The Westminster Confession of Faith describes a tri-partite division of Mosaic Law in chapter 19. The moral part of the Law is binding in all ages, while the ceremonial and judicial parts of the Law were temporary, only for the Old Covenant age. While this system has some value in distinguishing continuity and discontinuity, it doesn't actually help distinguish which individual laws are in each part. The Sabbath seems ceremonial, like the monthly and yearly festivals, but Westminster assumes it is part of the moral law, likely because of its placement in the Ten Commandments.

Instead, I believe the teaching of Jesus, as contained in the whole New Testament, is the Christian's guide to understanding the Old Testament. Some say that where the New Testament is silent, the Old Testament is still binding. But I find the New Testament is not silent in any matter that binds the conscience. The simple principle is that we are no longer under the jurisdiction of the Mosaic Law, which has been made obsolete, but are under the Law of Christ (Hebrews 8:13, 1 Corinthians 9:21, Galatians 5:18). In a similar way, an American citizen sees great continuity between his country's laws and British common law, but he is clearly only under the jurisdiction of the former. The Old Testament is still the infallible and authoritative Word of God, the revelation of his character and purposes, but it must be understood in submission to Christ, which means we always read it in the light of the New Testament.

The one passage in the New Testament that explicitly calls for continued observance of the Sabbath actually commands the New Covenant fulfillment of faith in Christ, not Old Covenant practice.

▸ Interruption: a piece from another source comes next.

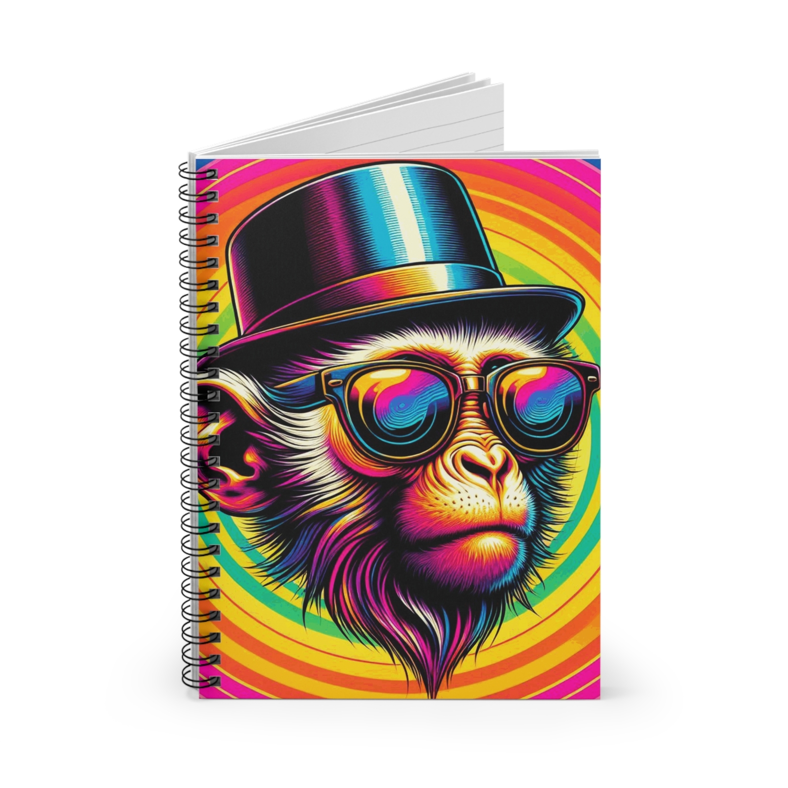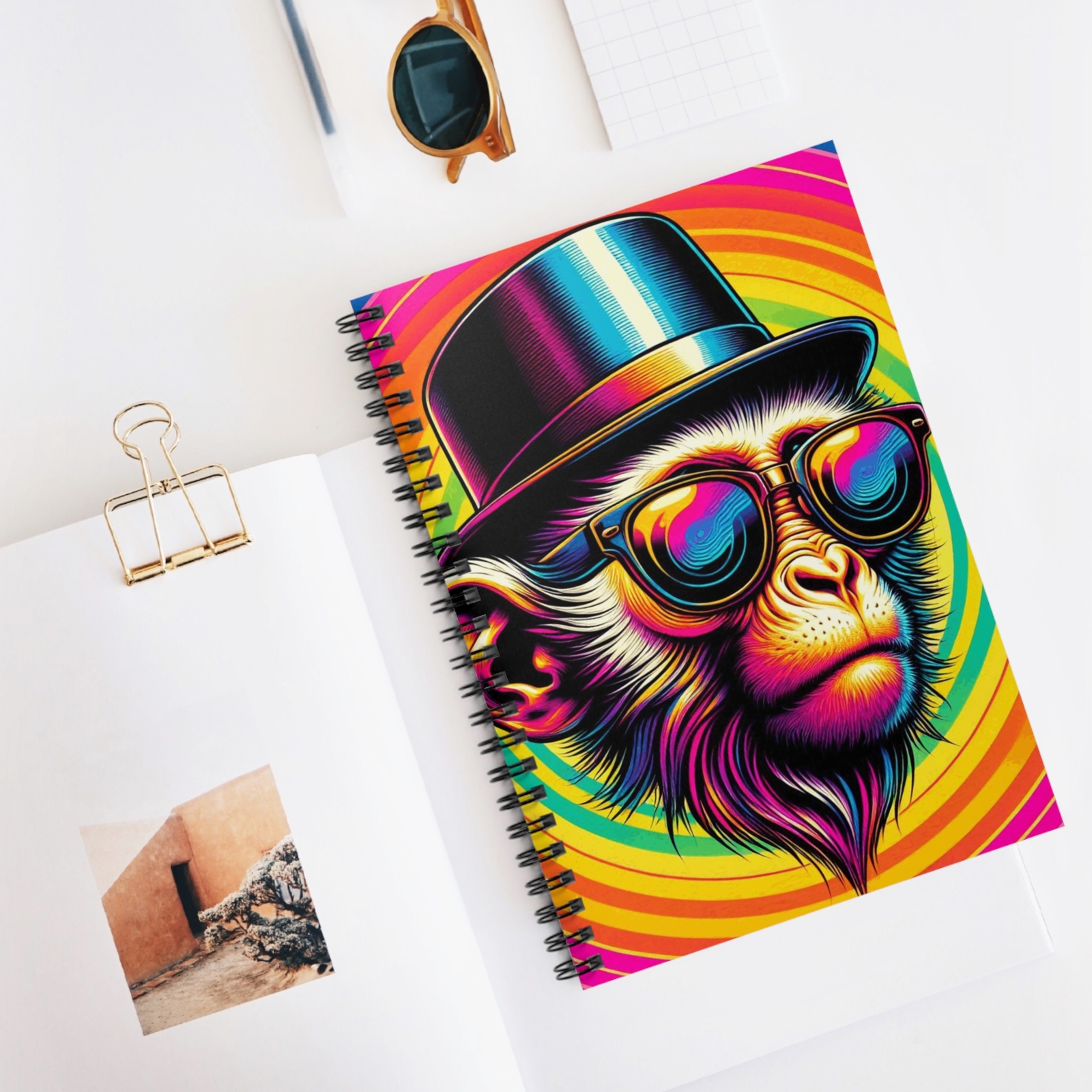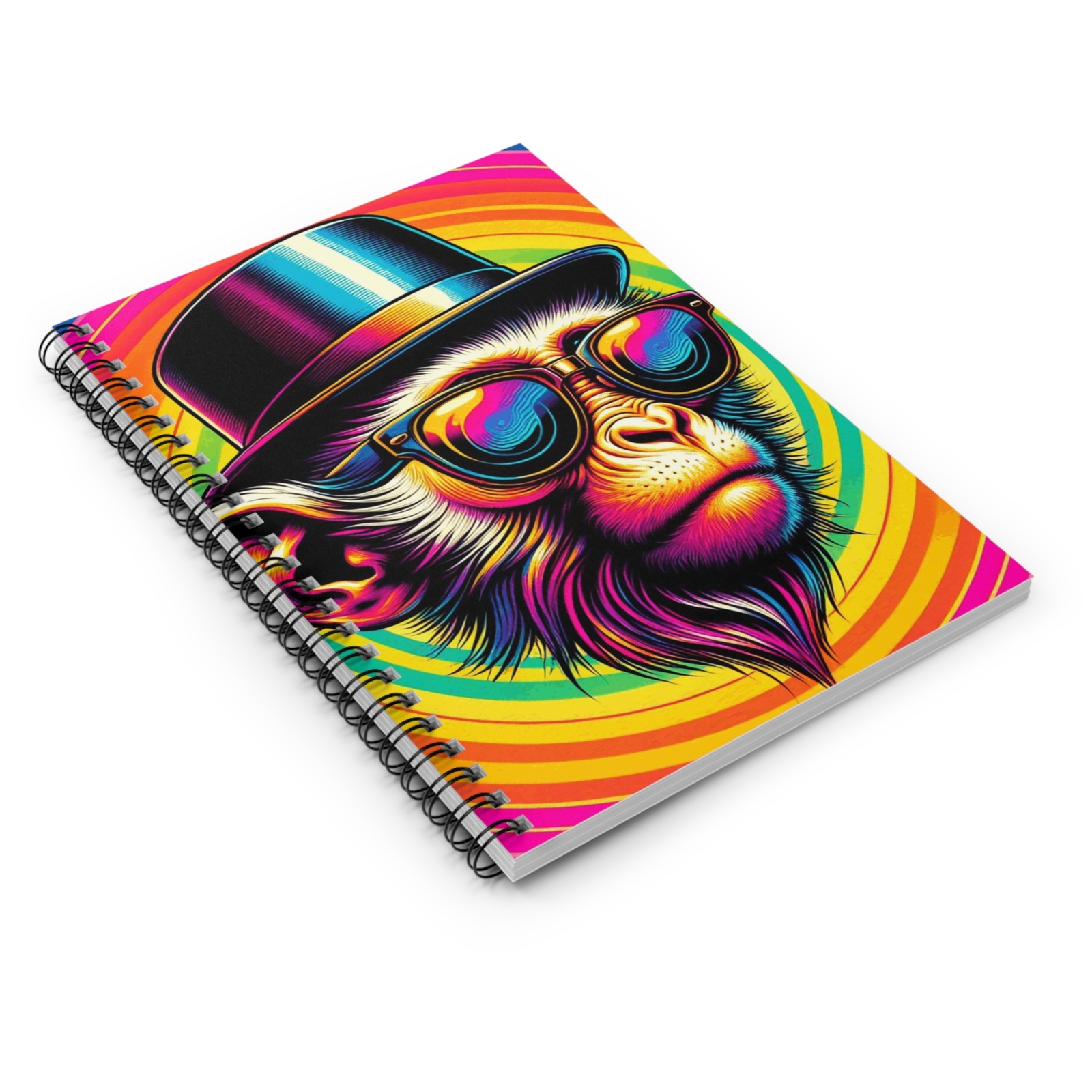 Spiral Notebook Ruled Line Monkey with Sunglasses Psychedelic Design 1, Gift

Hebrews 3 and 4 quotes from Psalm 95, "Today if you hear my voice, do not harden your hearts as in the rebellion...As I swore in my wrath, 'They shall not enter my rest.'" The author reasons that the Psalm describes the Israelites refusing to enter Canaan under Joshua (3:16), yet it was written by David hundreds of years after that event (4:7). He then argues that there remains an ongoing command and opportunity to believe God and enter his rest (4:8). And then he says, "So then, there remains a Sabbath rest for the people of God, for whoever has entered God's rest has also rested from his works as God did from his. Let us therefore strive to enter that rest." This Sabbath rest has the same precedent in God's creation week, it's related to the Mosaic Sabbath rest, but it is a rest from keeping the Mosaic Law by instead trusting in Christ who is the better mediator, better high priest, better sacrifice and better temple. If this one reference to the Sabbath establishes a continuation of Old Covenant practice, it makes no sense of the immediate context or the argument of the entire book.

Finally, how does this affect my practice? I have no trouble being in close fellowship with Christians who practice a Sabbath day. I would never want to flaunt my freedom. I highly value the gathering of the church on the Lord's Day and the wisdom of taking a break from work and using the time to worship God and studying his Word. I'm even writing this blog post on a quiet, easy Sunday afternoon. But I don't call it Sabbath keeping. Christ is my Sabbath and I have entered into his rest by faith.